The mayor’s office has pushed back against Kennedy’s claims, likening his allegations to the “divisive” rhetoric oft spewed by President Donald Trump and current Illinois governor Bruce Rauner. Kennedy is hoping to take Rauner’s spot but must first snag a victory in the upcoming Democratic primary for governor this March, according to the newspaper.
“It is sad to see Chris Kennedy joining President Trump and Gov. Rauner in using cynical, politically motivated attacks about Chicago’s communities for his own personal gain,” said Emanuel spokesman Matt McGrath in a statement. “… His divisive comments today are a direct assault on one of this city’s greatest strengths — our diversity.”
Kennedy, son of the late U.S. Senator Robert Kennedy and nephew of late President John F. Kennedy, has made it his priority to appeal to the city’s Black community, aiming his efforts at addressing gun violence, property taxation in African–American neighborhoods, and the fairness of education opportunities in the city, the Chicago Tribune reported. As an example of the city’s “strategic gentrification plan,” Kennedy cited a move by Chicago Public Schools to close four South Side high schools for one year before another one opens up in 2019.
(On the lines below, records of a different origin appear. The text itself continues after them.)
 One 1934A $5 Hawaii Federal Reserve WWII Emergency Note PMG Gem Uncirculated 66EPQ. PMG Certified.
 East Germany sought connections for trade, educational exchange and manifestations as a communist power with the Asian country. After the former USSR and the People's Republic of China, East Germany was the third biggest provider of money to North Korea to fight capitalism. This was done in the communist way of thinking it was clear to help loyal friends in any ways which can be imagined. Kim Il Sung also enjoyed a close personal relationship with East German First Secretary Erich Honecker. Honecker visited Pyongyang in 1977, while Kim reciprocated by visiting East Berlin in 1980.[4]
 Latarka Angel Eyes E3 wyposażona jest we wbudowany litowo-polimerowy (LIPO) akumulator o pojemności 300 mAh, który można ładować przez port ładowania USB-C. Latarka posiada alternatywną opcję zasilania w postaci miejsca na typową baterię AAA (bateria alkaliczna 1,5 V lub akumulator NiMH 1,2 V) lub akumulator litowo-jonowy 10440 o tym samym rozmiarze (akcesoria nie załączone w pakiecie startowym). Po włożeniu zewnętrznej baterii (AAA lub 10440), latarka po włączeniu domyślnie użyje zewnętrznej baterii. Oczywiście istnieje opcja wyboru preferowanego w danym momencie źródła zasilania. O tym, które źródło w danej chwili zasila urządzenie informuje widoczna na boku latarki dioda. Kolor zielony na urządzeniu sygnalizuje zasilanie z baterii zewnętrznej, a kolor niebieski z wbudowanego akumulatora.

Census data has seemingly bolstered the gubernatorial candidate’s claims, showing that in 2010, the year before Emanuel was first elected mayor, Chicago’s Black population totaled 33.2 percent. The latest Census stats released last year showed that percentage has since fallen to about 29.3. The city’s sharp decline in African-American locals has been described as a sort of mass exodus from Chicago in recent years.
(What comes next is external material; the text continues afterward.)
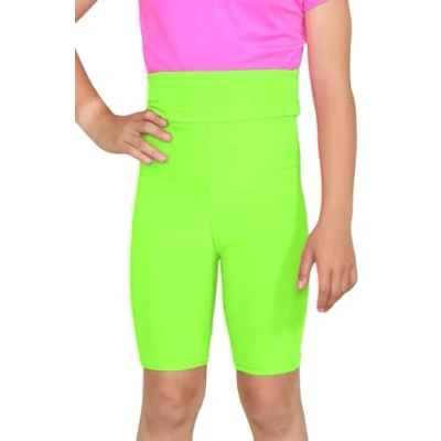 Hamishkane® Kids Girls High Waist Cycling Shorts Plain Microfiber Gymnastics Sports Dance Neon Green
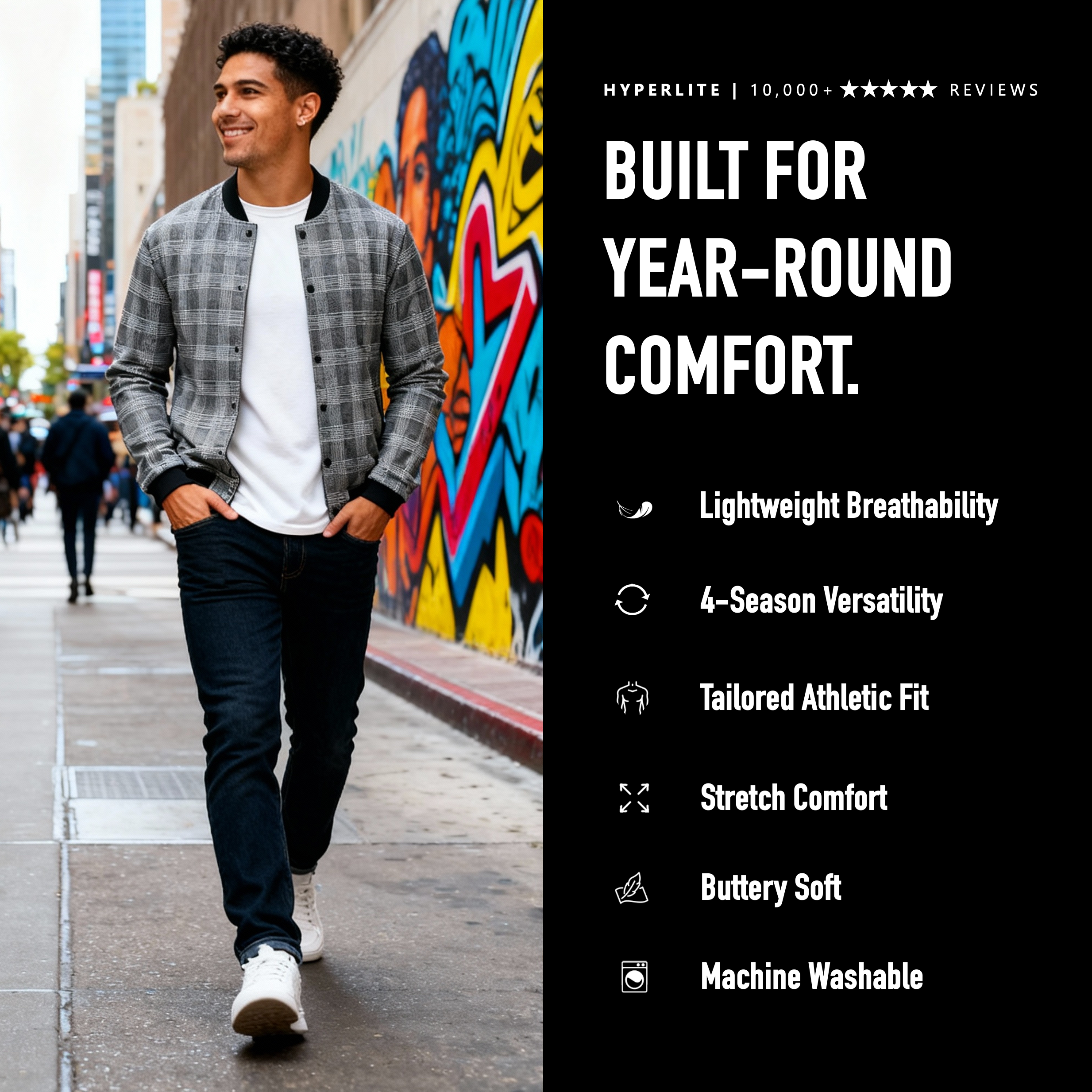 Our signature lightweight bombers feature our patented HYPERLITE fabric for maximum comfort and year-round versatility.

At the news conference, Kennedy also blasted Emanuel for taking credit for the decrease in crime last year and alleged that the city is “using a strategy of selective containment where we are allowing violence to continue as long as it only continues in certain neighborhoods.” That allegation prompted a sharply worded response from city Police Superintendent Eddie Johnson, who took issue with the candidate’s claims.
“I have never heard from Chris Kennedy. I have never even met him,” Johnson said in a statement. “He has never visited a police station or asked me or my team for any kind of briefing on what we’re doing in Chicago to address the gang violence and ongoing infusion of illegal guns on to our streets.”
“As far as I can tell he hasn’t spoken to one officer or any of CPD leadership,” he added. “I am not a politician, but I do take issue when the hard work our men and women are doing to beat back this violence is used to score political points.”
As for Kennedy and Emanuel, there isn’t much political history between the two, according to the newspaper. Kennedy did donate $5,000 to the mayor’s campaign in 2014, however.